O Superior Tribunal de Justiça (STJ) restabeleceu o aumento de pena pelo emprego de arma de fogo na condenação de um homem por roubo ocorrido em 2015, em Goiás. A Corte acolheu recurso do Ministério Público de Goiás (MPGO) e afastou decisão da 4ª Câmara Criminal do Tribunal de Justiça de Goiás (TJGO), que havia excluído a majorante ao julgar apelação da defesa.
A decisão foi proferida pelo ministro Messod Azulay Neto, relator do Recurso Especial nº 2.234.993-GO (2025/0367588-4). Segundo o magistrado, a alteração promovida pela Lei nº 13.654/2018 não tornou atípico o emprego de arma de fogo no crime de roubo, mas apenas modificou a forma como essa circunstância passou a ser prevista no Código Penal.
Com esse entendimento, o STJ determinou o restabelecimento da causa de aumento na fração de um terço, conforme a legislação vigente na época dos fatos.
O recurso foi apresentado pelo MPGO por meio do Núcleo Especializado em Recursos Constitucionais (Nurec).
Roubo ocorrido em 2015
O caso teve origem em um roubo praticado em 2015. Conforme a denúncia oferecida pelo promotor de Justiça Marcelo Crepaldi Dias Barreira, a vítima foi abordada por dois homens armados e permaneceu sob ameaça durante o período em que os autores ficaram com o veículo subtraído.
Ao julgar o processo, o juízo de primeiro grau reconheceu a incidência da causa de aumento pelo emprego de arma de fogo e aplicou a fração de um terço prevista na redação do Código Penal em vigor à época.
A defesa recorreu ao TJGO. A 4ª Câmara Criminal manteve a condenação, mas redimensionou a pena e afastou a majorante relacionada ao uso da arma.
O colegiado considerou que a revogação do dispositivo pela Lei nº 13.654/2018 teria retirado a previsão legal anteriormente utilizada. Também levou em conta a ausência de laudo pericial capaz de demonstrar a aptidão da arma apreendida para efetuar disparos.
Em segundo grau, atuou pelo Ministério Público o procurador de Justiça Alencar José Vital.

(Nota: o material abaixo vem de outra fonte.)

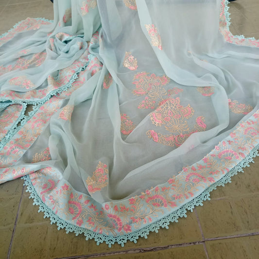 Powder Blue Chiffon Dupatta with Pink & Gold Hand Block Print and Lace Trim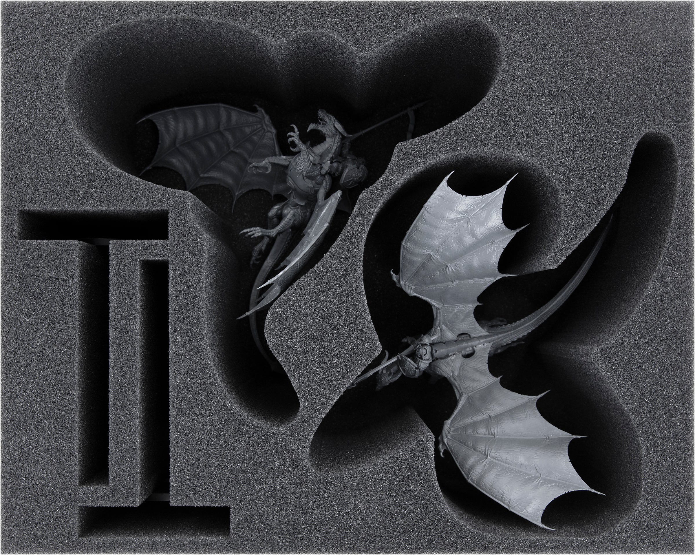 The soft, fine-pored foam optimally protects the delicate wings and all other filigree details from damage. When the miniatures are painted after hours of intensive work, you can relax (until the next battle) because the colors are also safe from abrasion and scratches here.
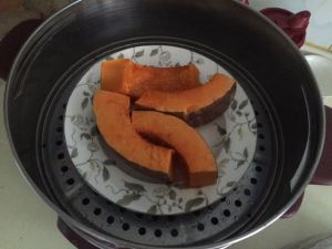 蒸南瓜,也可微波炉叮熟!最好加保鲜膜!蒸好后记得滤干水!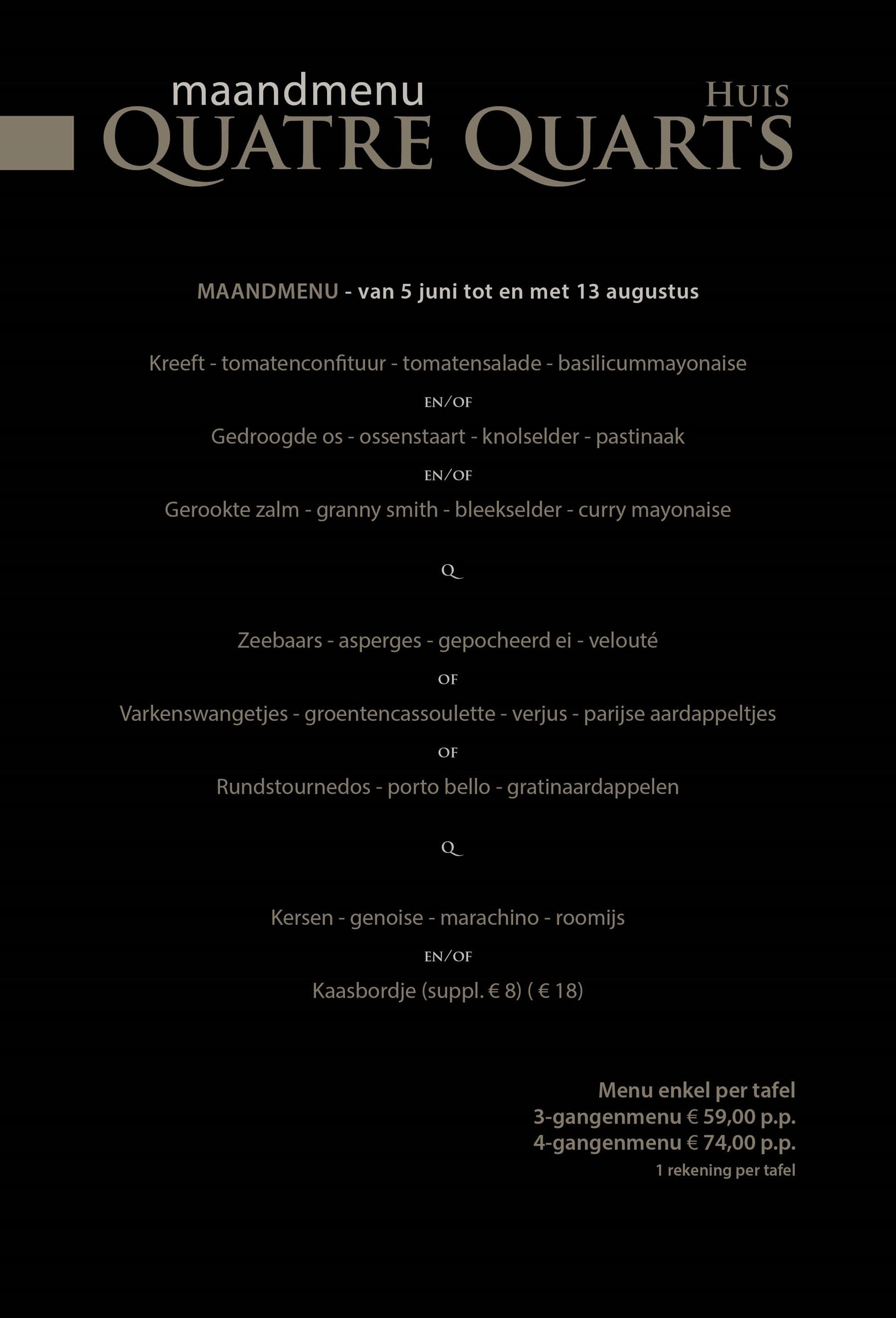 Deze website maakt gebruik van cookies De website van Huis Quatre Quarts gebruikt functionele cookies. In het geval van het analyseren van websiteverkeer of advertenties, worden ook cookies gebruikt voor het delen van informatie, over uw gebruik van onze site, met onze analysepartners, sociale media en advertentiepartners, die deze kunnen combineren met andere informatie die u aan hen heeft verstrekt of die zij hebben verzameld op basis van uw gebruik van hun diensten.

Continuidade normativo-típica
No recurso ao STJ, o MPGO sustentou que a Lei nº 13.654/2018 não deixou de tratar de forma mais grave o roubo praticado com arma de fogo. Segundo a argumentação apresentada pelo promotor de Justiça Murilo da Silva Frazão, integrante do Nurec, a alteração legislativa apenas deslocou a previsão para outro dispositivo do Código Penal e passou a estabelecer uma fração de aumento mais elevada.
Por isso, o Ministério Público defendeu a aplicação da norma vigente no momento do crime, que previa aumento de um terço e era mais favorável ao condenado.
Ao acolher o recurso, Messod Azulay Neto aplicou o entendimento de que houve continuidade normativo-típica. Ou seja, embora tenha ocorrido alteração na estrutura do Código Penal, a conduta relacionada ao emprego de arma de fogo no roubo continuou sujeita a tratamento penal mais rigoroso.
Perícia da arma
O MPGO também questionou o afastamento da majorante em razão da ausência de perícia na arma.
No recurso, o órgão sustentou que o exame pericial não é indispensável quando outros elementos de prova demonstram de maneira segura o emprego do artefato. No caso, apontou o relato da vítima, que descreveu a utilização das armas durante o crime e teria, inclusive, diferenciado os dois artefatos utilizados pelos autores.
O relator acolheu também essa argumentação. Segundo o entendimento aplicado pelo STJ, a apreensão e a perícia da arma não constituem requisitos obrigatórios para a incidência da causa de aumento quando seu emprego estiver comprovado por outros meios de prova considerados confiáveis, como depoimentos de vítimas e testemunhas.
Com a decisão, foi reformado o acórdão da 4ª Câmara Criminal do TJGO e restabelecida a sentença no ponto em que reconheceu o aumento de um terço da pena pelo uso de arma de fogo.